Nos principes en littérature se réduisent à ceci : liberté absolue. Que chacun cherche le beau par son sentier ; celui-ci à travers les lauriers roses et les rochers de marbre de la Grèce ; celui-là sur les sommets brumeux du Bloksberg, dans les fantaisies du Walpurgisnactstraum. Depuis l'idéal le plus éthéré jusqu'au réalisme le plus absolu, depuis le caprice le plus effréné jusqu'à l'observation la plus exacte, nous admettons tout, avec la forme pour seule condition. — Il pourra arriver, il arrivera sûrement que le même volume de la Revue contienne deux articles diamétralement opposés d'exécution et de doctrine. Nous ne nous chargerons pas de les concilier. — Chez nous, personne n'est solidaire de la page qu'il ne signe pas. A chacun la responsabilité de son œuvre. Le public jugera. Nous ne demandons aucun sacrifice de croyance d'idée ou de système, nous n'avons pas de couleur dont on soit forcé de se teinter, et nous ne présentons "pas d'uniforme aux rédacteurs que nous voulons enrégimenter. Chaque œuvre sera religieusement respectée. — Nous refuserons, mais nous ne raturerons pas ; enlever un mot d'une phrase est aussi coupable, aussi barbare que de casser le nez d’une statue ou d'enlever une saillie à un bas-relief. Il ne faut même pas qu'en travaillant pour la Revue on exerce sur soi cette censure intérieure et préalable qui prévient la correction par le sacrifice, espèce de travail secret auquel se soumettent les talents les plus libres et les plus fiers en approchant d'un journal. Que le poète ouvre les ailes de sa strophe toutes grandes, on ne les lui rognera pas ; pour lui laisser son envergure entière, on élargirait plutôt la Revue.
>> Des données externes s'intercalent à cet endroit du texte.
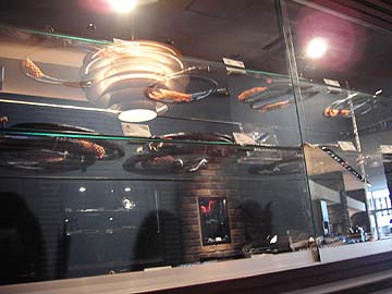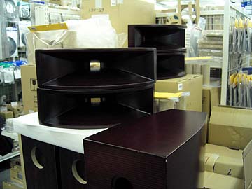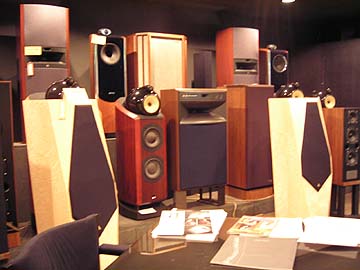 | 今回一番感銘したのは、ハイエンドケーブルの展示コーナーだった。一階奥に位置している。ジュエリーショップと見紛うがごとき展示風景に唖然。手前のショーウインドウ内にはクリスタルケーブルの製品群が宝石のごとく陳列されている。写真には映っていないが、隣りにも同様のケースが置かれている。そこにはアコースティックゼンやエソテリックのケーブルやプラグが並んでいた。 この一角の奥には、20畳以上はありそうな部屋が設けられており、そこにはゴールドムントで固められた大型システムがどかんと置かれていた。写真でお見せ出来ないのが残念。 1階にはディナウディオのスピーカーラインナップが多数陳列されている区画もあり、なかなか良い音で鳴っていた。 |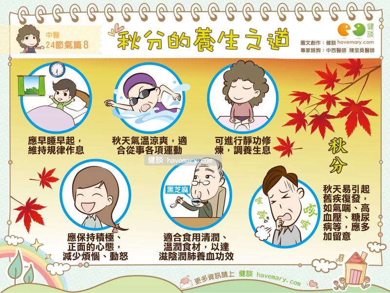1. 秋分起,北半球晝短夜長,生活作息應早睡早起,維持規律作息。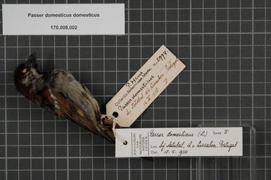 | Keywords: Naturalis Biodiversity Center - RMNH.AVES.57204 1 - Passer domesticus domesticus (Linnaeus, 1758) - Ploceidae - bird skin specimen.jpeg  artwork Dimensions artwork Document type Ploceidae Passer Individual count 1 Infraspecific epithet domesticus Infraspecific rank Institution Naturalis Kind of unit artwork Kind of unit specimen skin Life stage Portugal bij Setubal Z van Lissabon Medium artwork Nomenclatural code Locality remark On old label Bij Setubal z/v Lissabon Occurrence ID page Other fields Other versions artwork Permission license Naturalis donation CC-0 Publication location Scientific name Passer domesticus domesticus Linnaeus 1758 Scientific name authorship Linnaeus 1758 male Source url http //bioportal naturalis nl Specific epithet domesticus State or province Subject keywords artwork Subject keywords publication Title artwork Title publication Type status Uploaded with GWToolset Naturalis_Biodiversity_Center_-_RMNH AVES 57204_1_-_Passer_domesticus_domesticus_ Linnaeus _1758 _-_Ploceidae_-_bird_skin_specimen http //medialib naturalis nl/file/id/RMNH AVES 57204_1/format/large Media donated by Naturalis Biodiversity Center Songbird specimens at Naturalis Biodiversity Center Passer domesticus Passer |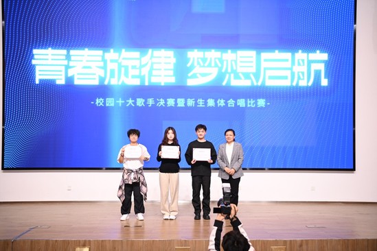 选手们凭借卓越的才华和对音乐的热爱,为观众呈现了一场视听盛宴。同学们的掌声与欢呼声此起彼伏,高潮迭起,整个活动洋溢着激情与活力。陈力华教授倾情献唱了《早安,程园》和《共筑中国梦》,为现场带来了无限温馨与活力。经过一系列精彩绝伦的比拼,陈映徵最终摘得桂冠,黄逸欣和李灏薰荣获亚军,安炳璇、戚爱玲和李佳恩共同赢得了季军。陈力华教授和杨舒雯教授为获奖者颁奖。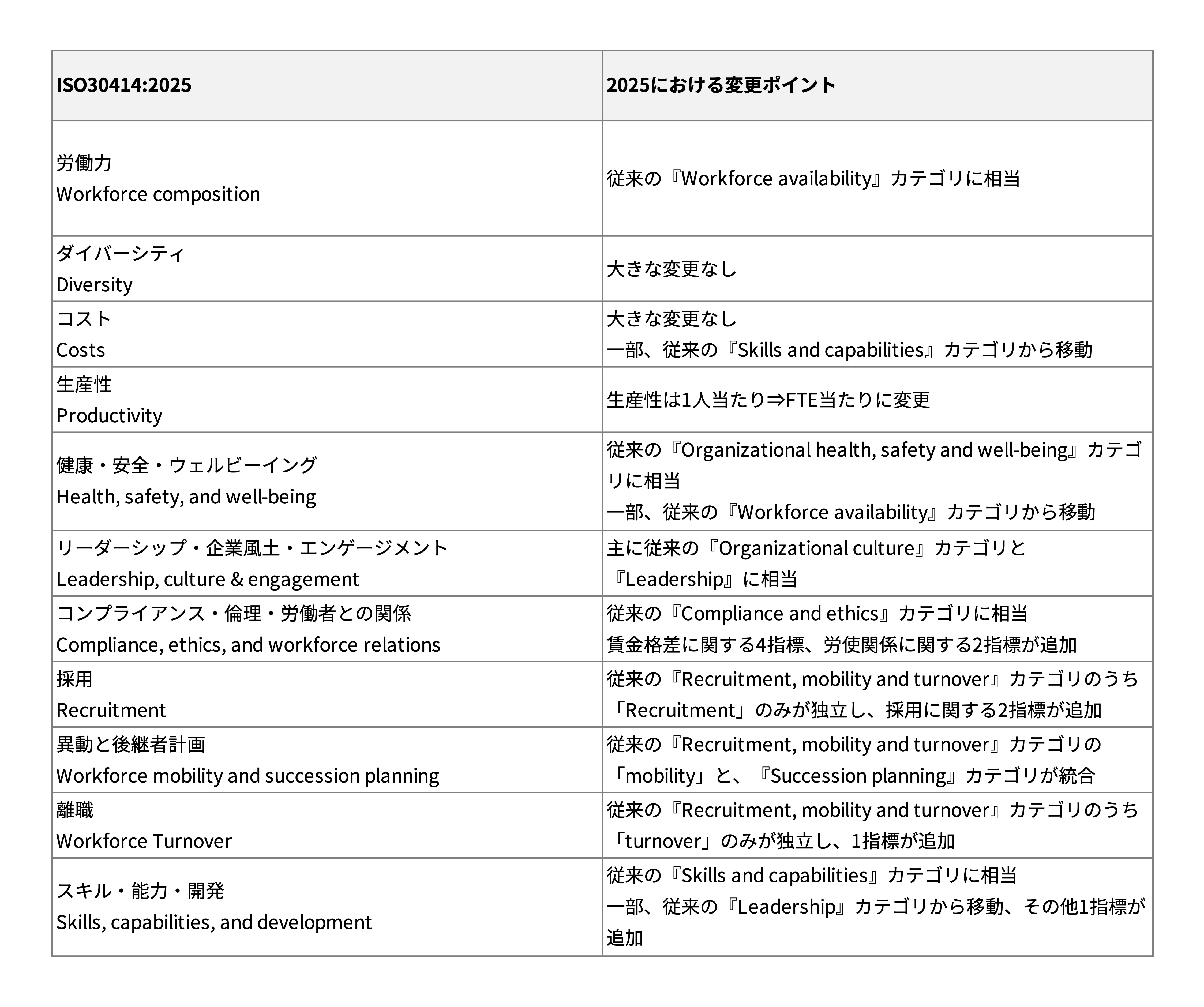 今回は、指標の変更点を中心に解説しましたが、それ以外にも、AI・HRテクノロジーの利用や、ガバナンス強化に関するの観点が多く盛り込まれた改訂となりました。単なる指標の改訂としてではなく、人的資本を実効的に管理し、企業の取り組みを促進するためのきっかけとして、企業の意思決定の力に変えていきましょう。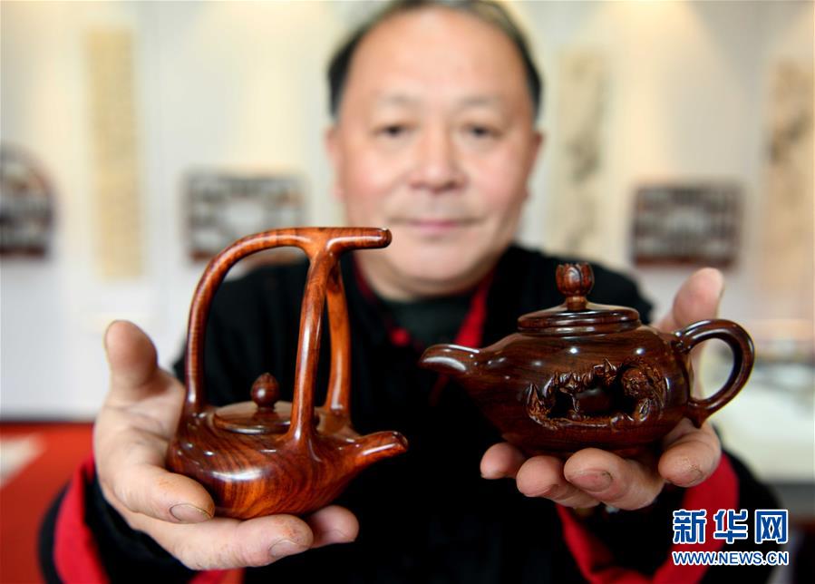 4月12日,桂雪在工作室内展示自己的木壶作品。家住安徽省宣城市泾县泾川镇岩潭村的桂雪是安徽省宣城市非物质文化遗产木壶艺术的技艺传承人,一块块不起眼的木头,经过他的雕琢打磨,变身一把把古朴典雅的袖珍木壶。近10年来,桂雪潜心研究木壶工艺,逐渐摸索出自己的木壶制作技艺。桂雪说,制作一件木壶需要经过选料、制胚、掏堂、凿把、修边、琢磨、抛光等十几道工序,制作难度大,工期长。桂雪至今只做了约200把木壶。近年来,桂雪通过非遗展示、讲课交流等方式弘扬传统木壶技艺,让更多的人了解了这门手艺。新华社记者 刘军喜 摄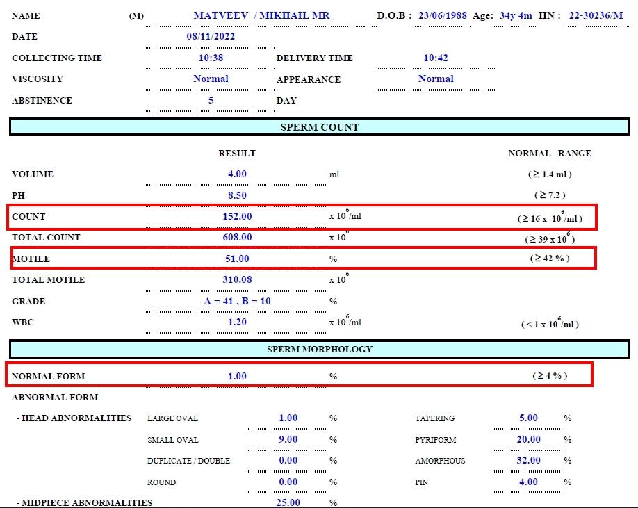 Добрый день! Это означает, что в представленной спермограмме только 1% морфологически нормальных сперматозоидов, а в норме должно быть 4% и более. Одного результата недостаточно для выводов - нужно сдать еще 1 спермограмму через 3 месяца после первой. В это время постарайтесь не курить, заниматься физическими нагрузками, не посещать баню/сауну и тд. Можно принимать антиоксиданты, например, Мираксант. Если второй результат будет таким же - надо обращаться к урологу очно, обследоваться и выяснять причину. После этого обсудить схему лечения. Удачи.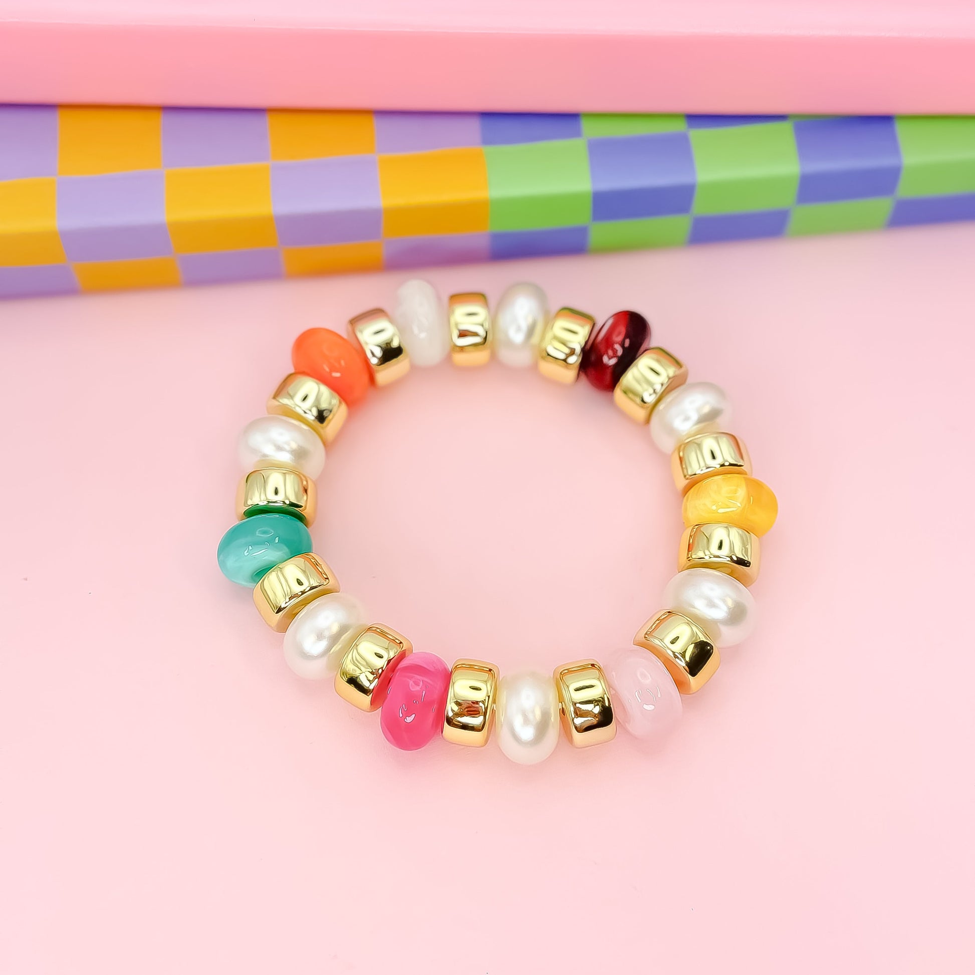 Bright, bold, and totally beaming — the Joyful Beaded Bracelet is a celebration of color and shine! Featuring glossy pearls, colorful beads, and luxe gold accents, this stretchy statement piece is designed to lift your mood and light up your look. It’s happiness you can wear, all wrapped around your wrist!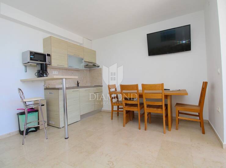 U ponudi naše agencije imamo izvrsnu poslovnu priliku i rijetkost na tržištu - apartmansku kuću sa bazenom i sa sedam zasebnih apartmana na odličnoj lokaciji, drugi red do mora. Tri apartmana sastoje se od dvije spavaće sobe, dvije kupaonice, gostinjskog toaleta te opremljene kuhinje i dnevnog boravka sa izlazom na balkon sa kojega se pruža nezaboravni pogled na more i zelenilo. U većim, dvosobnim apartmanima može boraviti 4-6 gostiju.

 Ce que nous souhaitons, avant tout, c'est d'avoir chaque auteur obscur ou illustre dans sa forme idyosyncratique, dans son originalité caractérielle, dans sa libre et franche nature, sans timidité ni réticence, avec sa saveur amère ou douce, ses allures, ses habitudes, même ses tics, comme il serait s'il écrivait pour lui-même.